Le temps out of joint, la porte hors de ses gonds, signifie le premier grand renversement kantien : c’est le mouvement qui se subordonne au temps. Le temps ne se rapporte plus au mouvement qu’il mesure, mais le mouvement au temps qui le conditionne. Aussi le mouvement n’est-il plus une détermination d’objet, mais la description d’un espace, espace dont nous devons faire abstraction pour découvrir le temps comme condition de l’acte. Le temps devient donc unilinéaire et rectiligne, non plus du tout au sens où il mesurerait un mouvement dérivé, mais en lui-même et par lui-même, en tant qu’il impose à tout mouvement possible la succession de ses déterminations. C’est une rectification du temps. Le temps cesse d’être courbé par un Dieu qui le fait dépendre du mouvement. Il cesse d’être cardinal et devient ordinal, ordre du temps vide. Dans le temps il n’y a plus rien d’originaire ni de dérivé qui dépende du mouvement. Le labyrinthe a changé d’allure : ce n’est plus un cercle ni une spirale, mais un fil, une pure ligne droite, d’autant plus mystérieuse qu’elle est simple, inexorable, terrible – « le labyrinthe qui se compose d’une seule ligne droite et qui est indivisible, incessant »3. Höderlin voyait Œdipe s’engager déjà dans cet étroit défilé de la mort lente, suivant l’ordre d’un temps qui cessait de « rimer »4. Et Nietzsche, en un sens voisin, y voyait la plus sémite des tragédies grecques. Œdipe pourtant est encore poussé par son errance comme mouvement de dérive. C’est Hamlet, plutôt, qui achève l’émancipation du temps : il opère vraiment le renversement parce que son propre mouvement ne résulte plus que de la succession de la détermination. Hamlet est le premier héros qui ait vraiment besoin du temps pour agir, tandis que le précédent héros le subit comme la conséquence d’un mouvement originaire (Eschyle) ou d’une action aberrante (Sophocle). La Critique de la raison pure est le livre d’Hamlet, le prince du Nord. Kant est dans la situation historique qui lui permet de saisir toute la portée du renversement : le temps n’est plus le temps cosmique du mouvement céleste originaire, ni le temps rural du mouvement météorologique dérivé. Il est devenu le temps de la ville et rien d’autre, le pur ordre du temps.

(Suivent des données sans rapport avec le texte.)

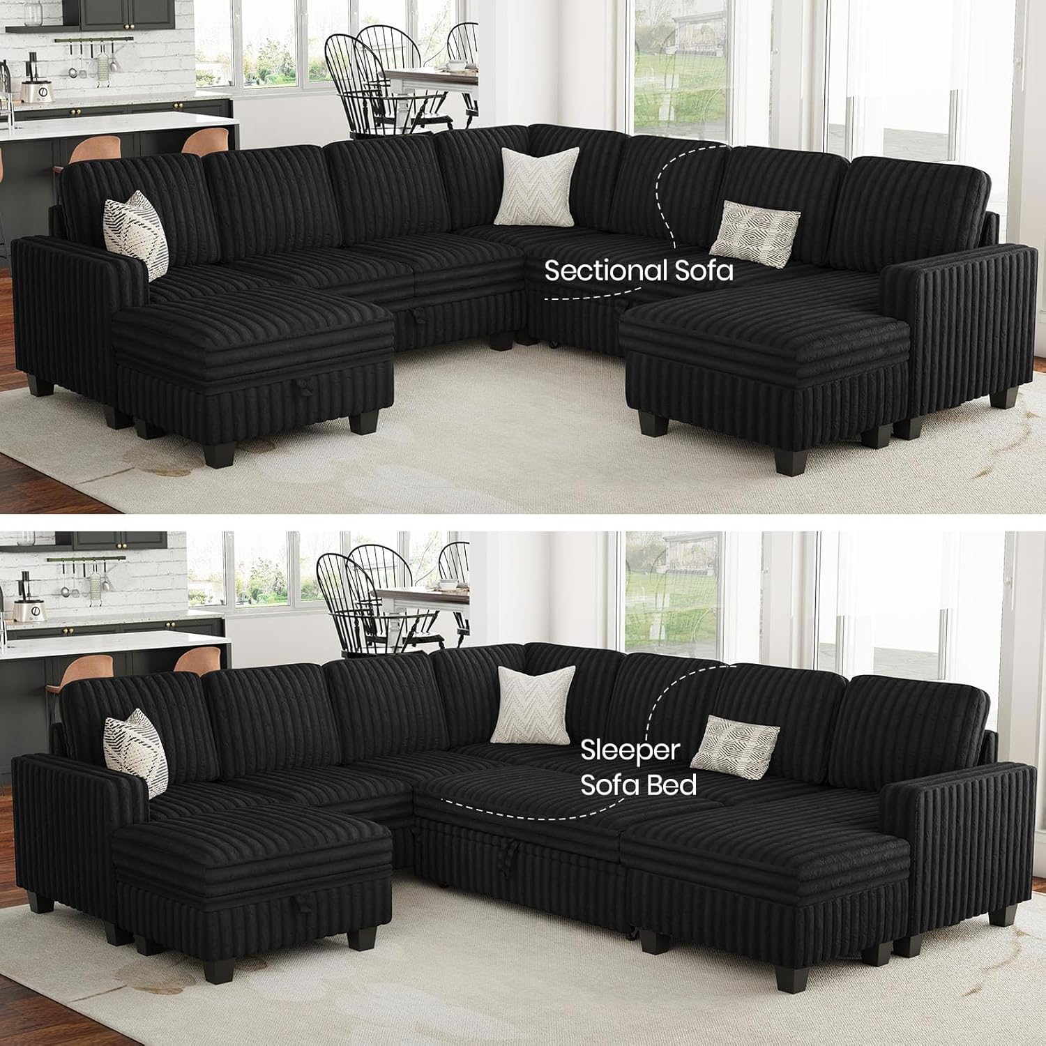 - Sturdy Pull Out Couch: Modular sectional sofa transforms sleeper sofa bed couch freely. The pull out bed module allows seamless conversion between a sectional couch and sleeper sofa, enhancing adaptability. Whether L shaped couch, U shaped couch, or a sleeper sofa with pull out bed, it transforms to fit your space perfectly
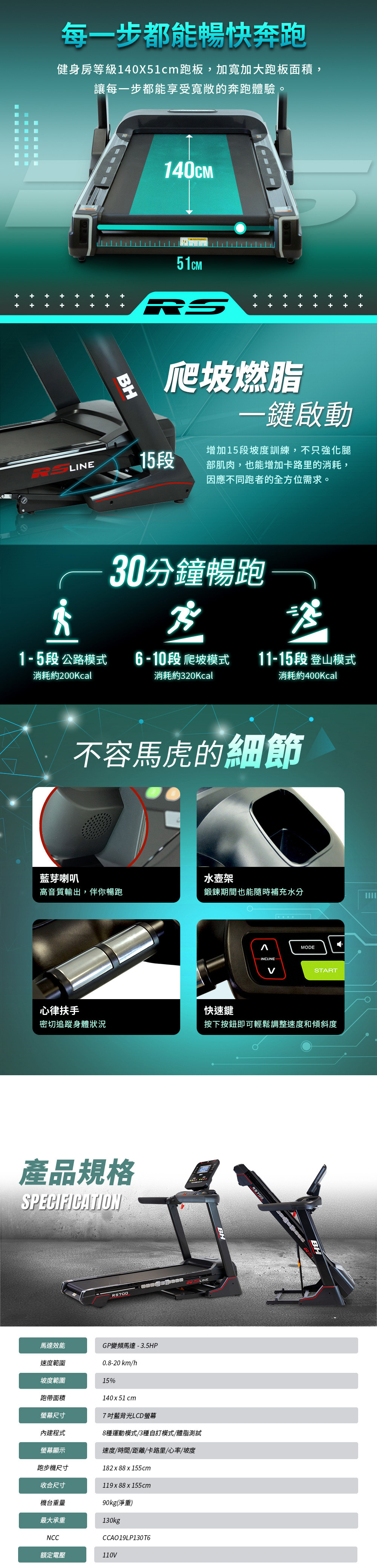【BH歐洲百年品牌】RS700 LCD 變頻跑步機

Ce n’est pas la succession qui définit le temps, mais le temps qui définit comme successives les parties du mouvement telles qu’elles sont déterminées en lui. Si le temps lui-même était succession, il faudrait qu’il succède dans un autre temps, à l’infini. Les choses se succèdent dans des temps divers, mais aussi bien elles sont simultanées en même temps, et elles demeurent dans un temps quelconque. Il n’est plus question de définir le temps par la succession, ni l’espace par la simultanéité, ni la permanence par l’éternité. Permanence, succession et simultanéité sont des modes ou des rapports de temps (durée, série, ensemble). Ce sont les éclats du temps. Dès lors, pas plus qu’on ne peut définir le temps comme succession, on ne peut définir l’espace comme coexistence ou simultanéité. Il faudra que chacun, l’espace et le temps, trouvent des déterminations tout à fait nouvelles. Tout ce qui se meut et change est dans le temps, mais le temps lui-même ne change pas, ne se meut pas, pas plus qu’il n’est éternel. Il est la forme de tout ce qui change et se meut, mais c’est une forme immuable et qui ne change pas. Non pas une forme éternelle, mais justement la forme de ce qui n’est pas éternel, la forme immuable du changement et du mouvement. Une telle forme autonome semble désigner un profond mystère : elle réclame une nouvelle définition du temps (et de l’espace).
« Je est un autre... »
Rimbaud, lettre à Izambart, mai 1871, lettre à Demeny, 15 mai 1871.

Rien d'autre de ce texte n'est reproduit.